Integrasi HRIS menghilangkan entri data manual, kesalahan, dan risiko kepatuhan dengan menghubungkan platform HR dengan penggajian, tunjangan, dan sistem bisnis lainnya. Untuk UKM Indonesia, penggajian adalah salah satu modul yang paling kritis secara operasional — kesalahan berarti karyawan tidak puas dan potensi pelanggaran hukum ketenagakerjaan. Saya telah melihat perusahaan Indonesia menghabiskan 3-5 hari per bulan untuk pemrosesan penggajian menggunakan kombinasi file Excel dan transfer bank manual.

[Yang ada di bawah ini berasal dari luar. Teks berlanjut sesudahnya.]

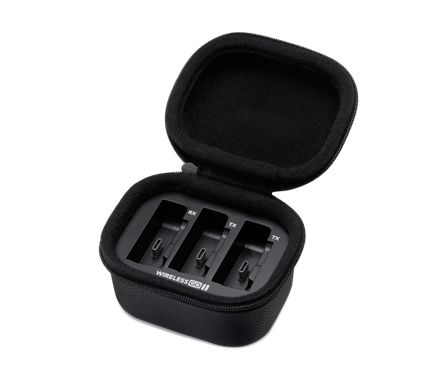 Wer mit der RØDE Kompakt-Funkstrecke Wireless GO II unterwegs ist, kann jetzt seine Module ganz einfach mit dem Charge Case aufladen – einem robusten Ladecase mit Kunstlederbezug und Ladestatus-LED, das zwei komplette Aufladungen aller drei Module ermöglicht.
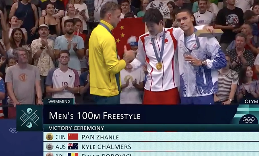 得到亚军的澳大利亚选手查尔莫斯先是用左手拍了一下潘展乐的后背,走近后伸出右手,却莫得看向潘展乐,似乎思要和得到铜牌的波波维奇捏手。
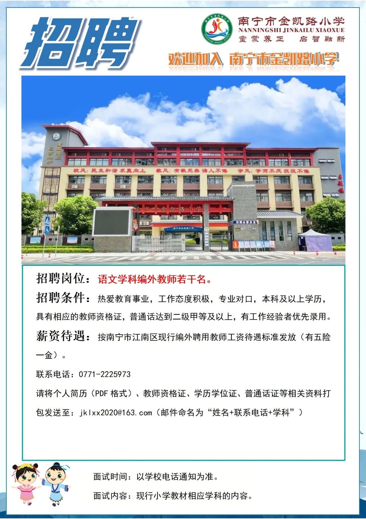 原标题:2025年南宁市金凯路小学招聘语文学科编外教师若干人
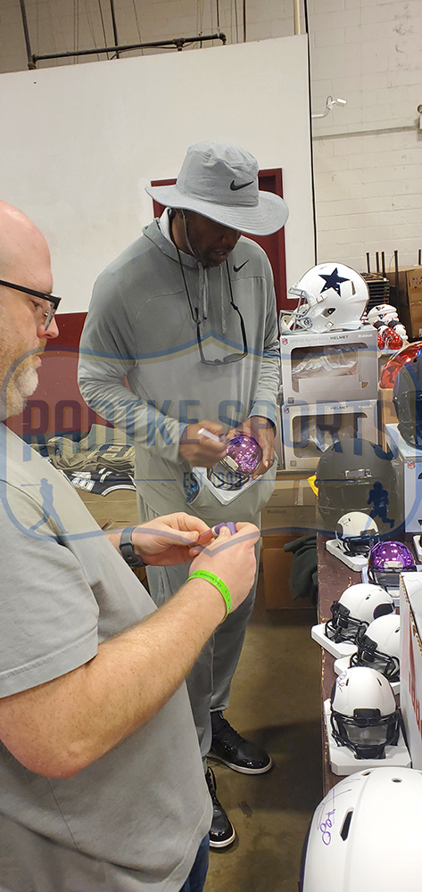 A Minnesota Vikings Speed Chrome NFL Mini Helmet hand signed by Randy Moss. The item and signature are in excellent condition. Randy was drafted in the NFL in 1998 in Round:1 Pick:21. Randy first started off playing for the Vikings team in 1998 and his career ended in 2004 for playing with the Vikings. Randy was picked for the NFL Offensive Rookie of the Year in 1998. In 1998, Moss helped the Vikings to become the number 1 rated offense ever at the time, setting the single-season record for scoring. AUTHENTICATION: Your item has been tagged with a Radtke Sports SmarTag powered by Prova technology, which gives you digital access to your items authentication records, including a proof picture from the signing. ***Radtke Sports uses professional lighting for our product images that may show reflections. We also feature watermarks on our proof pictures. The picture you see in your authentication records will NOT have a watermark. ***
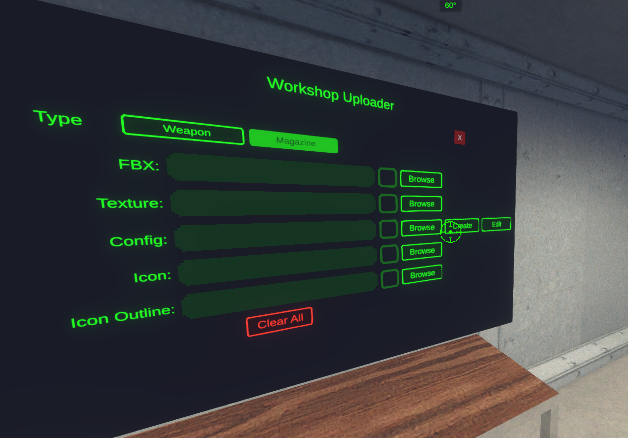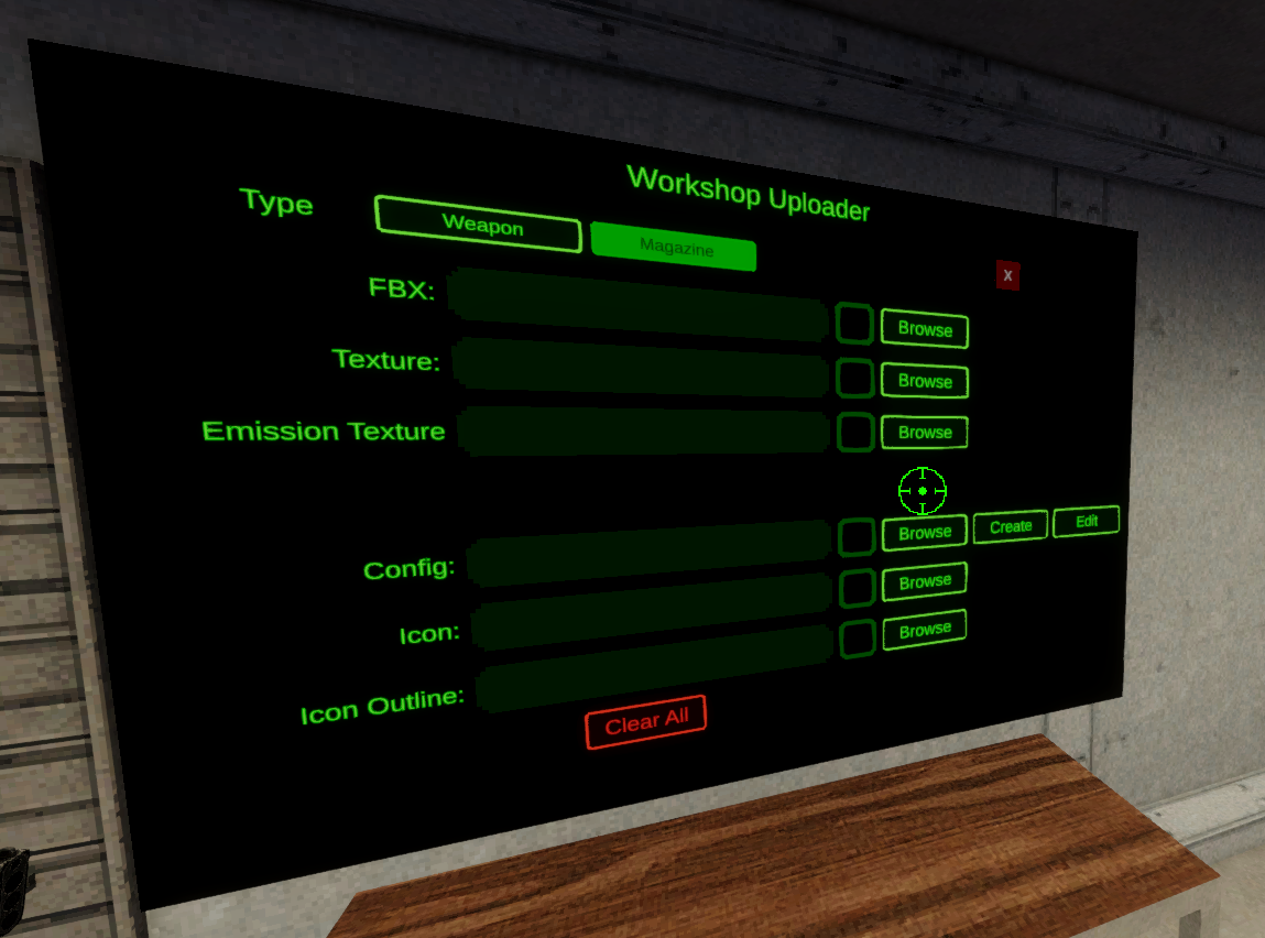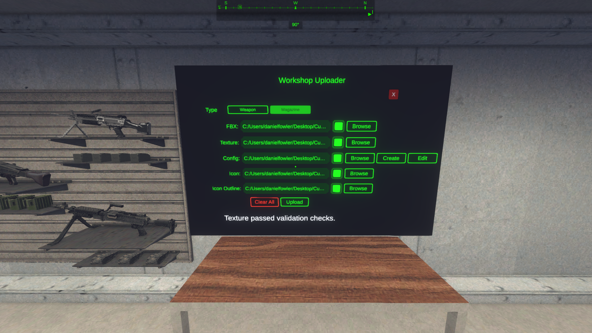 To upload a magazine, head back to the armory in the game. Go to the Custom Weapon Table. Select “Upload Item” and make sure you have the “Magazine” type selected.

Penggajian Indonesia memiliki komponen spesifik yang harus dimodelkan dengan benar: Gaji Pokok, Tunjangan Jabatan, Tunjangan Makan, Tunjangan Transport, Uang Lembur, THR (Tunjangan Hari Raya), dan berbagai potongan (BPJS Kesehatan, BPJS Ketenagakerjaan, PPh 21, potongan keterlambatan/absensi). Setiap komponen memiliki perlakuan pajak berbeda.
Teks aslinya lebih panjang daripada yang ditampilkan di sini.